Because only the text is wanted, repeat the records below exactly and omit the pictures.

··· LISTED ENTRIES

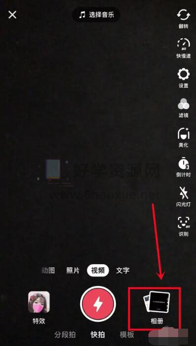 2、然后进入拍摄界面,点击右下角的相册选项。
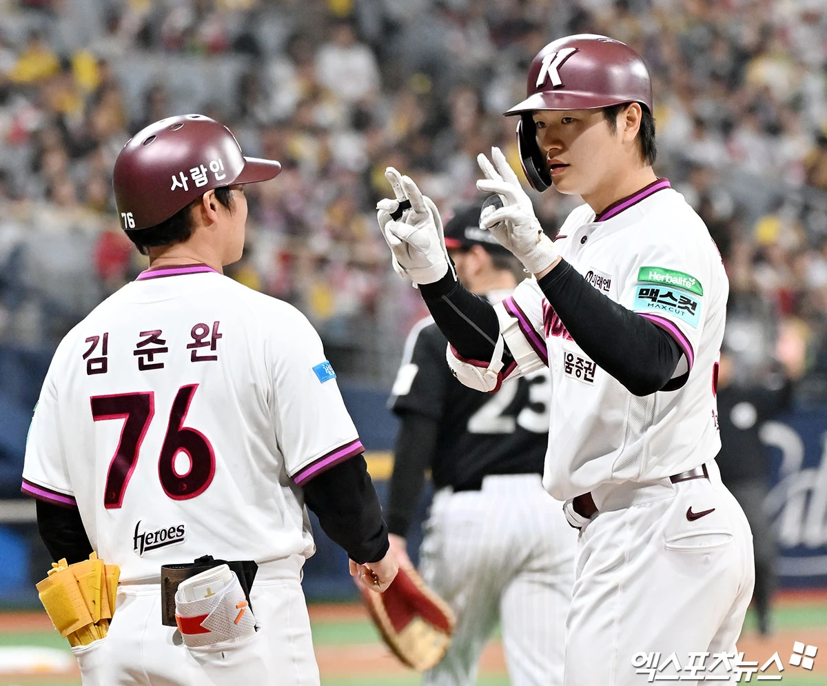 (엑스포츠뉴스 고척, 김한준 기자) 5일 오후 서울 구로구 고척스카이돔에서 열린 '2026 신한 SOL Bank KBO리그' LG 트윈스와 키움 히어로즈의 경기, 7회말 키움 박주홍이 좌전안타를 날리고 있다.
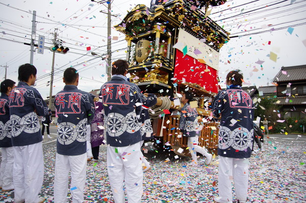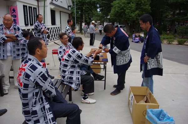 にぎやかにお神酒を受ける組衆
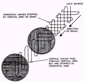 Figure 1-10. Controlling polarized light. when a section of line is secured at one end and the free end is held in your hand and given a shake, a wave travels down the length of the line from the end that was shaken to the secured end just like an oscillator. A light source acts as an oscillator. The wave motion in the line, however, does not represent the true wave motion of light because light waves move in all possible directions at right angles to their direction of travel. A much clearer picture of light wave motion can be seen by having a number of parallel lines with each one being shaken in a different direction-one up and down, one sideways, and the others at various angles in between. Ordinarily, light waves vibrate in all directions at right angles to their direction of travel. However, when light waves strike a series of parallel microscopic slots, all the light that passes through vibrates in one direction. This is polarized light. Filters that polarize light, termed polarizing filters, have a practical use in photography (fig. 1-10). Specular reflected light, from a nonmetallic surface at any angle between 32 and 37, is polarized in such a manner that the light rays vibrate in a direction parallel to the reflecting surface. Light reflected in this manner is said to be plane polarized and is seen as glare (fig. 1-11). There is no polarization whatsoever produced by reflections from metallic surfaces. |
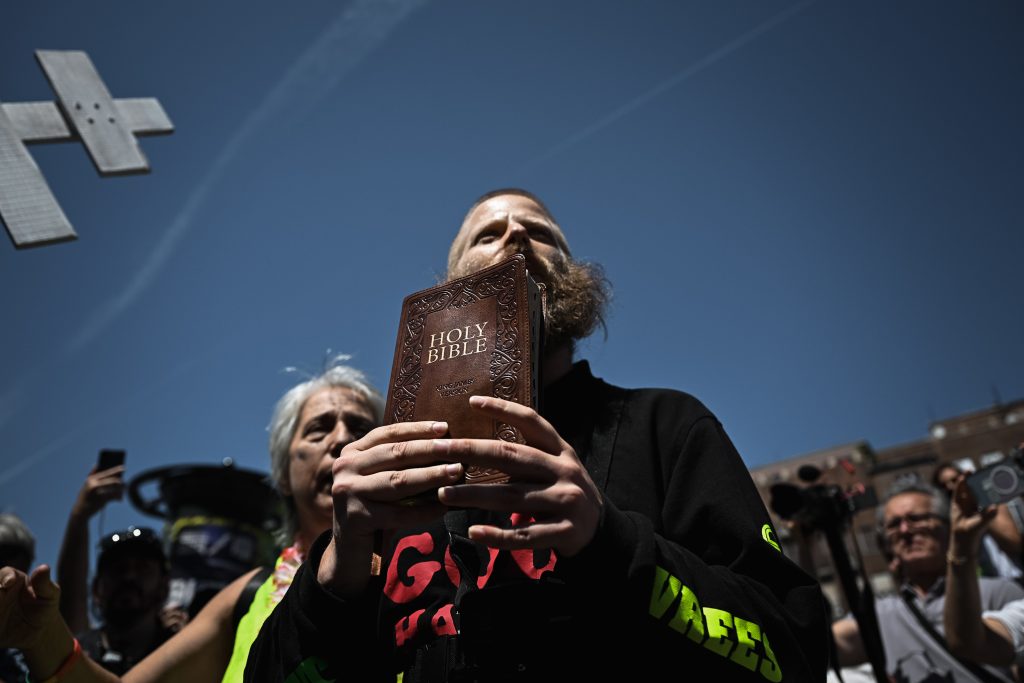 Egy maroknyi ellentüntető bukkant fel a gyülekezők között. Egyikük angolul szónokol arról, hogy az itt megjelentek tisztátalanok, vétkesek. A szervezők megpróbálják őket odébb tessékelni, de nem tágítanak, mondván, közterületen állnak.

······

§ **OUTPUT**
 2、然后进入拍摄界面,点击右下角的相册选项。
 (엑스포츠뉴스 고척, 김한준 기자) 5일 오후 서울 구로구 고척스카이돔에서 열린 '2026 신한 SOL Bank KBO리그' LG 트윈스와 키움 히어로즈의 경기, 7회말 키움 박주홍이 좌전안타를 날리고 있다.
 にぎやかにお神酒を受ける組衆
 Figure 1-10. Controlling polarized light. when a section of line is secured at one end and the free end is held in your hand and given a shake, a wave travels down the length of the line from the end that was shaken to the secured end just like an oscillator. A light source acts as an oscillator. The wave motion in the line, however, does not represent the true wave motion of light because light waves move in all possible directions at right angles to their direction of travel. A much clearer picture of light wave motion can be seen by having a number of parallel lines with each one being shaken in a different direction-one up and down, one sideways, and the others at various angles in between. Ordinarily, light waves vibrate in all directions at right angles to their direction of travel. However, when light waves strike a series of parallel microscopic slots, all the light that passes through vibrates in one direction. This is polarized light. Filters that polarize light, termed polarizing filters, have a practical use in photography (fig. 1-10). Specular reflected light, from a nonmetallic surface at any angle between 32 and 37, is polarized in such a manner that the light rays vibrate in a direction parallel to the reflecting surface. Light reflected in this manner is said to be plane polarized and is seen as glare (fig. 1-11). There is no polarization whatsoever produced by reflections from metallic surfaces. |
 Egy maroknyi ellentüntető bukkant fel a gyülekezők között. Egyikük angolul szónokol arról, hogy az itt megjelentek tisztátalanok, vétkesek. A szervezők megpróbálják őket odébb tessékelni, de nem tágítanak, mondván, közterületen állnak.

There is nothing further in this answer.